(EXTRACTED ENTRIES)
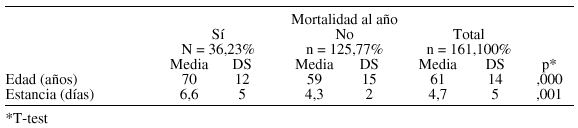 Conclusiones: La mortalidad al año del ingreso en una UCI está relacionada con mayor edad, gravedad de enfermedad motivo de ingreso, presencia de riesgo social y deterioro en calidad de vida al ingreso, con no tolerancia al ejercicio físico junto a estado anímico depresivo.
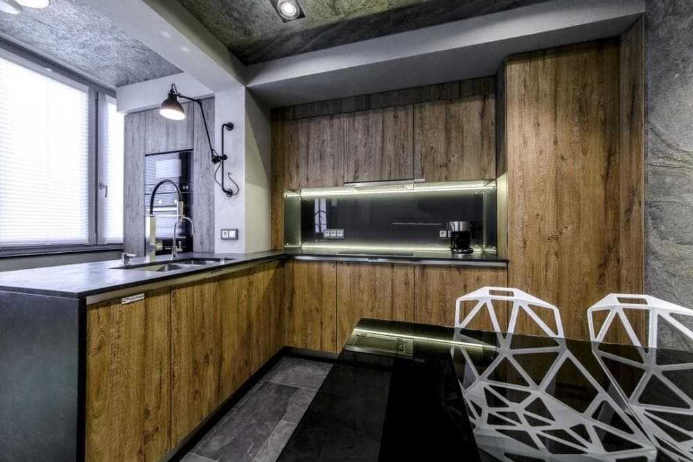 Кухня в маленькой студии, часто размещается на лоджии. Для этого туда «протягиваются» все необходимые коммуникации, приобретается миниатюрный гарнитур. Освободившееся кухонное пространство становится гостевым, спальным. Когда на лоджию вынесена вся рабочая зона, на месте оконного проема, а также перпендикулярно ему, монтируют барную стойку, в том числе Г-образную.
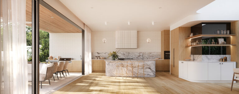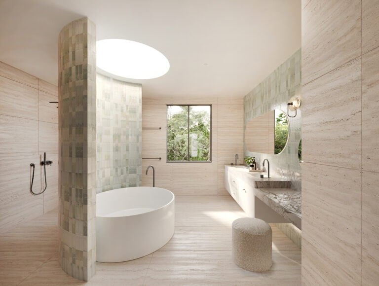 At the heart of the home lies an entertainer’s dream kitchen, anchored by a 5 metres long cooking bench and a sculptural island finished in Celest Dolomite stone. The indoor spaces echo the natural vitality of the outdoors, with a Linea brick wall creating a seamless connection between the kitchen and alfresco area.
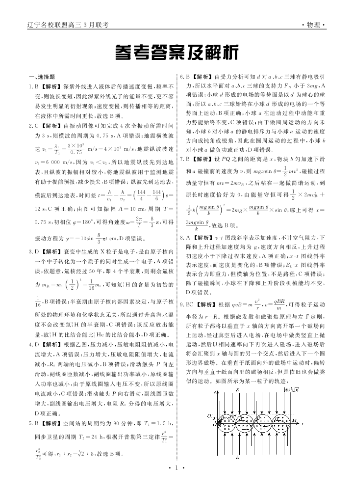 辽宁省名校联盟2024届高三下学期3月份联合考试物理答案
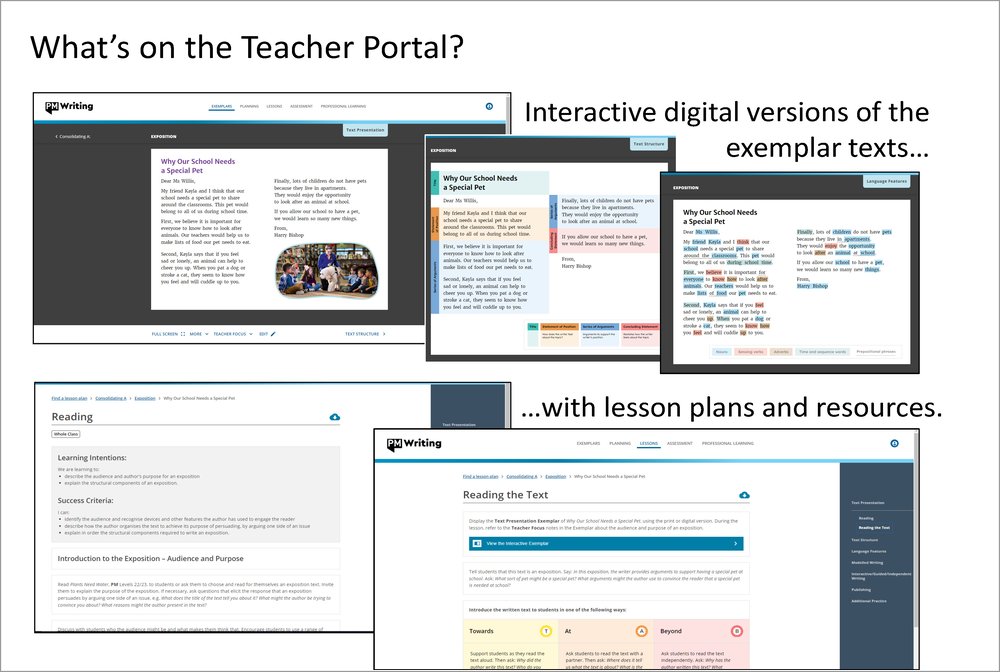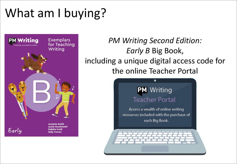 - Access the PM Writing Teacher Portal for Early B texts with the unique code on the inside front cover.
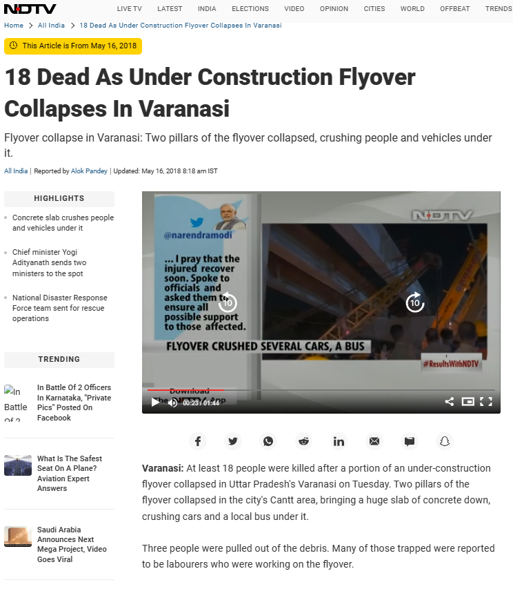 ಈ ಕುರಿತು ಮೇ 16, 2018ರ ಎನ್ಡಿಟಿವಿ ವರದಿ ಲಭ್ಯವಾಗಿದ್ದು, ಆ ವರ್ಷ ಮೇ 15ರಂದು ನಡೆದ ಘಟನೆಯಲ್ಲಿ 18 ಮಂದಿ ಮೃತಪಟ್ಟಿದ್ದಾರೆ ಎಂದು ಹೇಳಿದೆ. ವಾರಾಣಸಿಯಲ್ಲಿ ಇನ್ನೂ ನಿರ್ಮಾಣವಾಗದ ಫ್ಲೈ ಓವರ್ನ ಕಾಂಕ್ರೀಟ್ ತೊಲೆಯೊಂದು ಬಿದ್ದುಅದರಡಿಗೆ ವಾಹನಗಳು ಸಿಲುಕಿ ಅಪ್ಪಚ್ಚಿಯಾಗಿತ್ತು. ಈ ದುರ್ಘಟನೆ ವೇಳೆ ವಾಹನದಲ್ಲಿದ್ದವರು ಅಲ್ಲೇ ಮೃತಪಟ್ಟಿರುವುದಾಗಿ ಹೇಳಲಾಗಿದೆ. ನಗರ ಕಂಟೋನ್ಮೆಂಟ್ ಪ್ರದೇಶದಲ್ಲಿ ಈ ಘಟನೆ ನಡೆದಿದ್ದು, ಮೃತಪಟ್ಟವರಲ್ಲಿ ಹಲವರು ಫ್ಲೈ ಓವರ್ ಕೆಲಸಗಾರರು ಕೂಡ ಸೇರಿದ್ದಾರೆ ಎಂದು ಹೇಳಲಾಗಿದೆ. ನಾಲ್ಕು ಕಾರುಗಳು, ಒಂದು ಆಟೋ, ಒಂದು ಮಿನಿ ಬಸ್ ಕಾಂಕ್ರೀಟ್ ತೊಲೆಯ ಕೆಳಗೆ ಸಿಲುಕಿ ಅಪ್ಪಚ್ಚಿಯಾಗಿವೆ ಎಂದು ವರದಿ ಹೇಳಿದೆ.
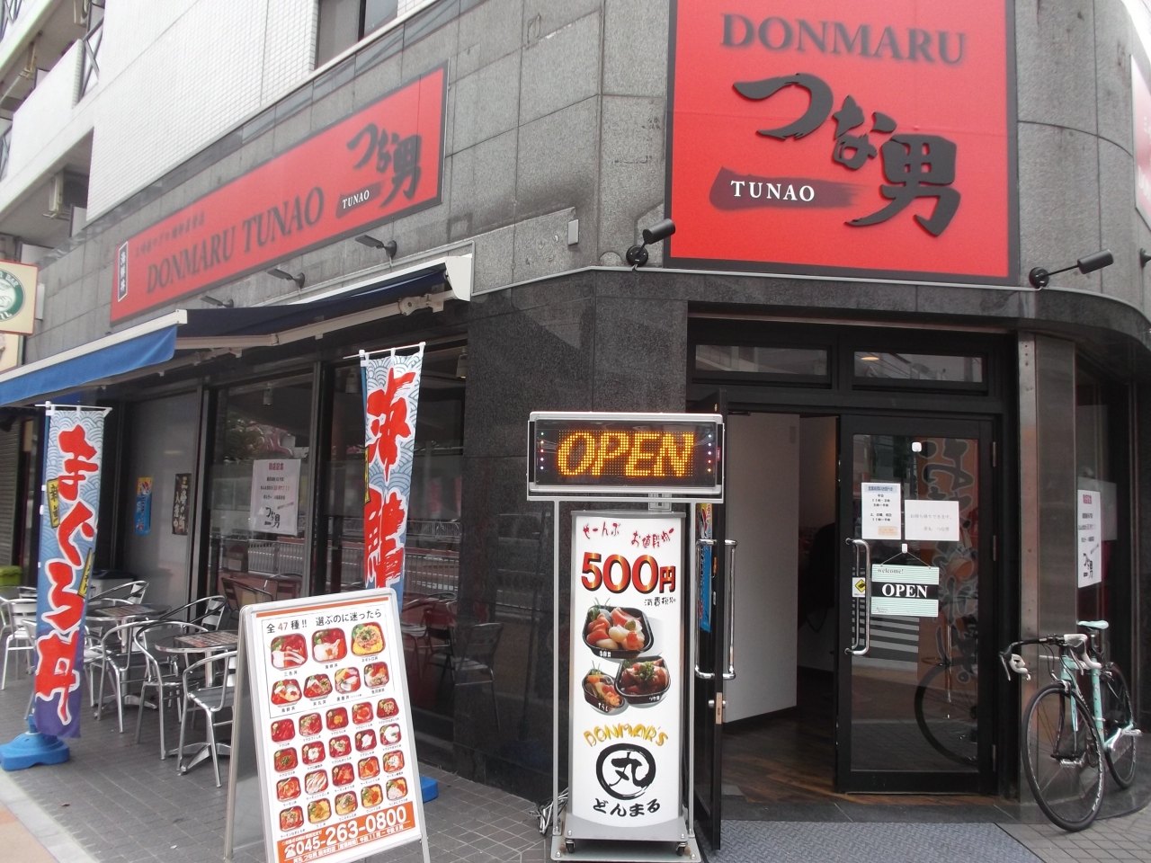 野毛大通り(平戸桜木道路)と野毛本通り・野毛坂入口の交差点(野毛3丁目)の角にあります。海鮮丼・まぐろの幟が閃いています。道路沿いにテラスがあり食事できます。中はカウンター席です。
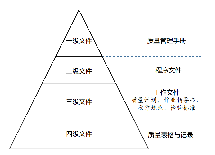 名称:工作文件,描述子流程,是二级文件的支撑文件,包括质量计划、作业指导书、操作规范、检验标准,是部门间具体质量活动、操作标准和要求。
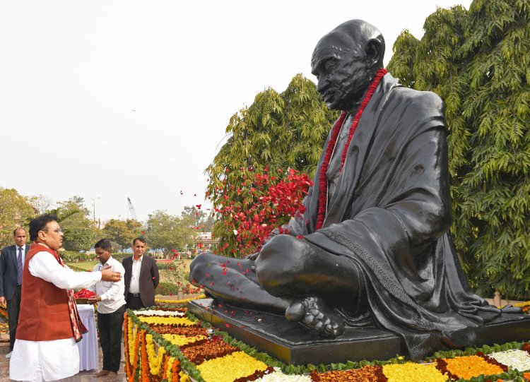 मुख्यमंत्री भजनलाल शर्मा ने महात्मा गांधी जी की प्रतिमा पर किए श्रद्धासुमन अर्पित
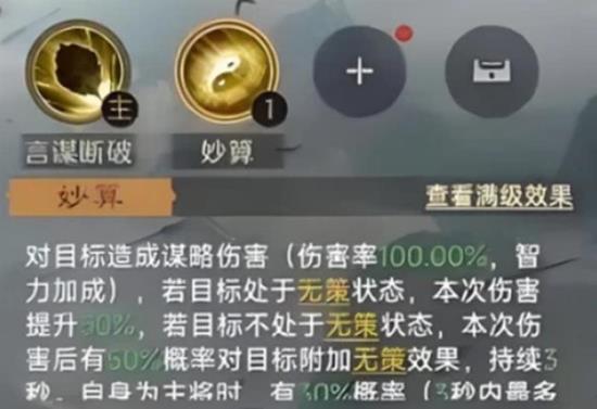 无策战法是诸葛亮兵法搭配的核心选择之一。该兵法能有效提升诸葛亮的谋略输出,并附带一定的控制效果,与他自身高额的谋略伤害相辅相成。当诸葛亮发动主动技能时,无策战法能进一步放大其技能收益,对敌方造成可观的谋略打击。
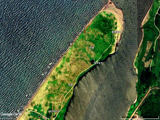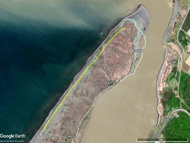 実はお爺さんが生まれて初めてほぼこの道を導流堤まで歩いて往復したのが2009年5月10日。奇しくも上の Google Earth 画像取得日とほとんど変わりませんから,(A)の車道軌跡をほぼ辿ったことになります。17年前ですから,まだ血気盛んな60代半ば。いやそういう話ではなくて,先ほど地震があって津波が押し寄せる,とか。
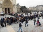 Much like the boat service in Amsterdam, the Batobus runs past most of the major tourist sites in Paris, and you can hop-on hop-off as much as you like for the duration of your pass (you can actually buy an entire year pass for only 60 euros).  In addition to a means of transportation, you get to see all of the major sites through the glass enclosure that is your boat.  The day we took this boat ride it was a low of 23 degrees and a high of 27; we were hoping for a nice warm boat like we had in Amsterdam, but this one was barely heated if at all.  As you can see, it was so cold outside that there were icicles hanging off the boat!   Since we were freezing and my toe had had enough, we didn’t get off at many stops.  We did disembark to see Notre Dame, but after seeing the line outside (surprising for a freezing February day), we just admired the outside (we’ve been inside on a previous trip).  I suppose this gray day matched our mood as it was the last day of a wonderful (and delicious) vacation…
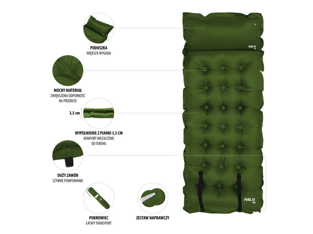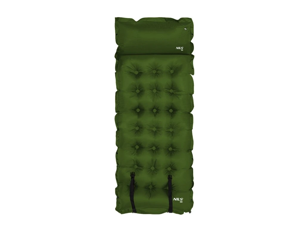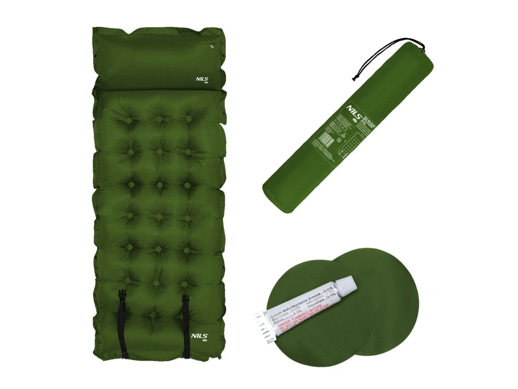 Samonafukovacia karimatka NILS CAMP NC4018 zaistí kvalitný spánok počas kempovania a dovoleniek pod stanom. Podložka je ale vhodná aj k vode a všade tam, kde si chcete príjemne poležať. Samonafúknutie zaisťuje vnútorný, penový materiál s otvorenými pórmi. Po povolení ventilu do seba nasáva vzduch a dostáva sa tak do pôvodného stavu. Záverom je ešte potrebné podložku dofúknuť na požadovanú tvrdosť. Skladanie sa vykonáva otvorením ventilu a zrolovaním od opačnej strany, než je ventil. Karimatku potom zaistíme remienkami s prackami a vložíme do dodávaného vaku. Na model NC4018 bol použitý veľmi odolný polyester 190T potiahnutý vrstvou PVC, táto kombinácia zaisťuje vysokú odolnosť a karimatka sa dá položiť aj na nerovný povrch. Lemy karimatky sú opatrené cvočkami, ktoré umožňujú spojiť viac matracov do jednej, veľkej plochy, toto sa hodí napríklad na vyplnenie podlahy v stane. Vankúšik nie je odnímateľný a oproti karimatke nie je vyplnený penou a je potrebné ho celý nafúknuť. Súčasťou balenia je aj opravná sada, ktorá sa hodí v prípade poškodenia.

(PROBLEM STATEMENT)
Your answer should copy the listing word for word, with no pictures in it.

(RESPONSE FOR THIS EXERCISE)
 Conclusiones: La mortalidad al año del ingreso en una UCI está relacionada con mayor edad, gravedad de enfermedad motivo de ingreso, presencia de riesgo social y deterioro en calidad de vida al ingreso, con no tolerancia al ejercicio físico junto a estado anímico depresivo.
 Кухня в маленькой студии, часто размещается на лоджии. Для этого туда «протягиваются» все необходимые коммуникации, приобретается миниатюрный гарнитур. Освободившееся кухонное пространство становится гостевым, спальным. Когда на лоджию вынесена вся рабочая зона, на месте оконного проема, а также перпендикулярно ему, монтируют барную стойку, в том числе Г-образную.
 At the heart of the home lies an entertainer’s dream kitchen, anchored by a 5 metres long cooking bench and a sculptural island finished in Celest Dolomite stone. The indoor spaces echo the natural vitality of the outdoors, with a Linea brick wall creating a seamless connection between the kitchen and alfresco area.
 辽宁省名校联盟2024届高三下学期3月份联合考试物理答案
 - Access the PM Writing Teacher Portal for Early B texts with the unique code on the inside front cover.
 ಈ ಕುರಿತು ಮೇ 16, 2018ರ ಎನ್ಡಿಟಿವಿ ವರದಿ ಲಭ್ಯವಾಗಿದ್ದು, ಆ ವರ್ಷ ಮೇ 15ರಂದು ನಡೆದ ಘಟನೆಯಲ್ಲಿ 18 ಮಂದಿ ಮೃತಪಟ್ಟಿದ್ದಾರೆ ಎಂದು ಹೇಳಿದೆ. ವಾರಾಣಸಿಯಲ್ಲಿ ಇನ್ನೂ ನಿರ್ಮಾಣವಾಗದ ಫ್ಲೈ ಓವರ್ನ ಕಾಂಕ್ರೀಟ್ ತೊಲೆಯೊಂದು ಬಿದ್ದುಅದರಡಿಗೆ ವಾಹನಗಳು ಸಿಲುಕಿ ಅಪ್ಪಚ್ಚಿಯಾಗಿತ್ತು. ಈ ದುರ್ಘಟನೆ ವೇಳೆ ವಾಹನದಲ್ಲಿದ್ದವರು ಅಲ್ಲೇ ಮೃತಪಟ್ಟಿರುವುದಾಗಿ ಹೇಳಲಾಗಿದೆ. ನಗರ ಕಂಟೋನ್ಮೆಂಟ್ ಪ್ರದೇಶದಲ್ಲಿ ಈ ಘಟನೆ ನಡೆದಿದ್ದು, ಮೃತಪಟ್ಟವರಲ್ಲಿ ಹಲವರು ಫ್ಲೈ ಓವರ್ ಕೆಲಸಗಾರರು ಕೂಡ ಸೇರಿದ್ದಾರೆ ಎಂದು ಹೇಳಲಾಗಿದೆ. ನಾಲ್ಕು ಕಾರುಗಳು, ಒಂದು ಆಟೋ, ಒಂದು ಮಿನಿ ಬಸ್ ಕಾಂಕ್ರೀಟ್ ತೊಲೆಯ ಕೆಳಗೆ ಸಿಲುಕಿ ಅಪ್ಪಚ್ಚಿಯಾಗಿವೆ ಎಂದು ವರದಿ ಹೇಳಿದೆ.
 野毛大通り(平戸桜木道路)と野毛本通り・野毛坂入口の交差点(野毛3丁目)の角にあります。海鮮丼・まぐろの幟が閃いています。道路沿いにテラスがあり食事できます。中はカウンター席です。
 名称:工作文件,描述子流程,是二级文件的支撑文件,包括质量计划、作业指导书、操作规范、检验标准,是部门间具体质量活动、操作标准和要求。
 मुख्यमंत्री भजनलाल शर्मा ने महात्मा गांधी जी की प्रतिमा पर किए श्रद्धासुमन अर्पित
 无策战法是诸葛亮兵法搭配的核心选择之一。该兵法能有效提升诸葛亮的谋略输出,并附带一定的控制效果,与他自身高额的谋略伤害相辅相成。当诸葛亮发动主动技能时,无策战法能进一步放大其技能收益,对敌方造成可观的谋略打击。
 実はお爺さんが生まれて初めてほぼこの道を導流堤まで歩いて往復したのが2009年5月10日。奇しくも上の Google Earth 画像取得日とほとんど変わりませんから,(A)の車道軌跡をほぼ辿ったことになります。17年前ですから,まだ血気盛んな60代半ば。いやそういう話ではなくて,先ほど地震があって津波が押し寄せる,とか。
 Much like the boat service in Amsterdam, the Batobus runs past most of the major tourist sites in Paris, and you can hop-on hop-off as much as you like for the duration of your pass (you can actually buy an entire year pass for only 60 euros).  In addition to a means of transportation, you get to see all of the major sites through the glass enclosure that is your boat.  The day we took this boat ride it was a low of 23 degrees and a high of 27; we were hoping for a nice warm boat like we had in Amsterdam, but this one was barely heated if at all.  As you can see, it was so cold outside that there were icicles hanging off the boat!   Since we were freezing and my toe had had enough, we didn’t get off at many stops.  We did disembark to see Notre Dame, but after seeing the line outside (surprising for a freezing February day), we just admired the outside (we’ve been inside on a previous trip).  I suppose this gray day matched our mood as it was the last day of a wonderful (and delicious) vacation…
 Samonafukovacia karimatka NILS CAMP NC4018 zaistí kvalitný spánok počas kempovania a dovoleniek pod stanom. Podložka je ale vhodná aj k vode a všade tam, kde si chcete príjemne poležať. Samonafúknutie zaisťuje vnútorný, penový materiál s otvorenými pórmi. Po povolení ventilu do seba nasáva vzduch a dostáva sa tak do pôvodného stavu. Záverom je ešte potrebné podložku dofúknuť na požadovanú tvrdosť. Skladanie sa vykonáva otvorením ventilu a zrolovaním od opačnej strany, než je ventil. Karimatku potom zaistíme remienkami s prackami a vložíme do dodávaného vaku. Na model NC4018 bol použitý veľmi odolný polyester 190T potiahnutý vrstvou PVC, táto kombinácia zaisťuje vysokú odolnosť a karimatka sa dá položiť aj na nerovný povrch. Lemy karimatky sú opatrené cvočkami, ktoré umožňujú spojiť viac matracov do jednej, veľkej plochy, toto sa hodí napríklad na vyplnenie podlahy v stane. Vankúšik nie je odnímateľný a oproti karimatke nie je vyplnený penou a je potrebné ho celý nafúknuť. Súčasťou balenia je aj opravná sada, ktorá sa hodí v prípade poškodenia.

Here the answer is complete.